This week, Q & A examines the effect the Tea Party will have on the GOP's prospects in the upcoming midterm elections. Today, we hear from Mark Silk, who writes the blog Spiritual Politics and is a contributor at BeliefNet. Silk is a professor at Trinity College in Hartford, Connecticut.
The question: Will the Tea Party be a blessing or a curse for the GOP in the upcoming midterm elections?
Mark Silk: I predict that come November the Tea Party will be a blessing for the Republican Party -- unless the Democrats can manage to hang Tea Party extremism around GOP necks. As a constituency, the Tea Party represents little more than the social conservative base of the GOP, re-energized. What distinguishes it from the religious right of yore is that the leadership -- and especially the money boys at Tea Party Express -- has fixed the messaging firmly on low taxes and small government. But it’s never been a movement of libertarians.

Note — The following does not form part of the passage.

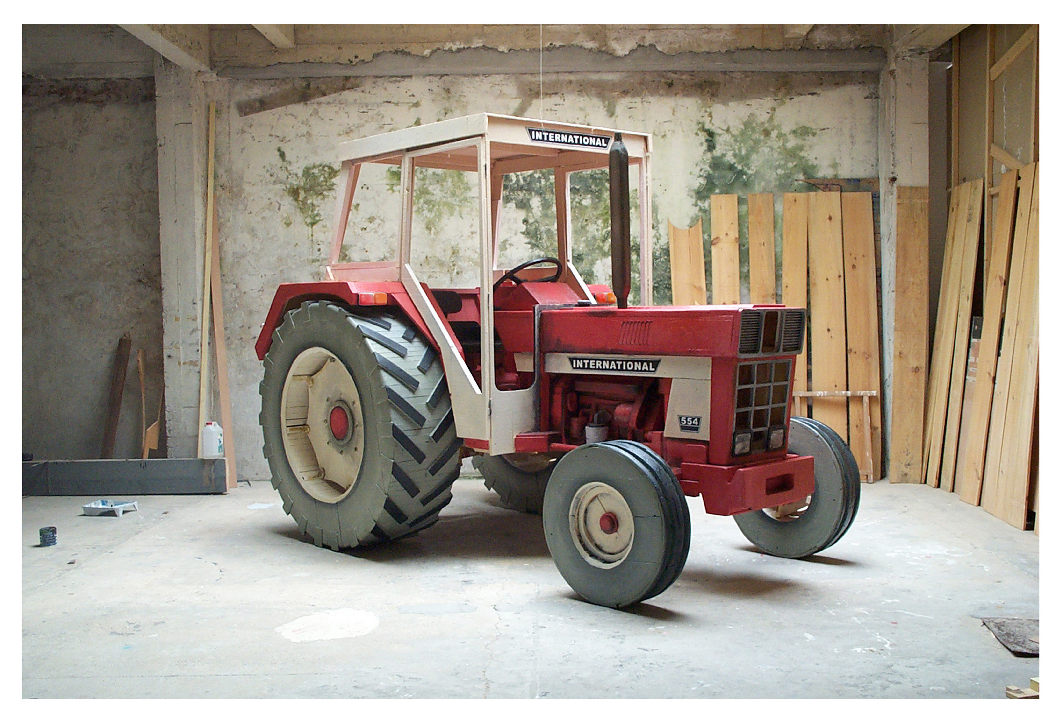 Photo : Pascal Rivet, IH, 2001, collection Frac Occitanie-Montpellier, tracteur en bois réalisé à l’échelle 1, 252 x 350 x 218 cm © Pascal Rivet © photo courtesy de l’artiste

Real libertarians are so thin on the ground in America that they can’t run for office as themselves. Rand Paul may once have been one of them, but what secured him the GOP senatorial nomination in Kentucky was taking the pro-life pledge. That brought James Dobson on board and the rest is history. If there’s a pro-choice, pro-gay marriage Tea Party candidate out there, I haven’t heard of her.
But you’d be wrong to think the Tea Party consists of social conservatives masquerading in conservative economic clothing. From the outset, the religious right had low taxes and small government on its to-do list. Ask Bob Riley of Alabama. In 2003, when that conservative Republican governor invoked Christian values to shift Alabama’s hopelessly regressive tax burden from poor people towards wealthy corporate interests, the Christian Coalition of Alabama came out in vigorous opposition—and Riley’s referendum was slaughtered at the polls. It has been no stretch at all for Christian conservatives like Bob McDonnell of Virginia, Sharron Angle of Nevada, Michelle Bachmann of Minnesota, and now, Christine O’Donnell of Delaware (to say nothing of the Mama-Grizzly-in-chief) to wrap themselves in the Tea Party agenda.
If that agenda seems to have the Democrats in Congress spooked, it’s because they have given Americans little reason to believe in the legislation they’ve worked so hard to pass. And because a populist economic movement in hard times—even one as wacky as the Tea Party—is difficult for them to disrespect. But if they don’t start disrespecting it, and quickly, it’s curtains in November.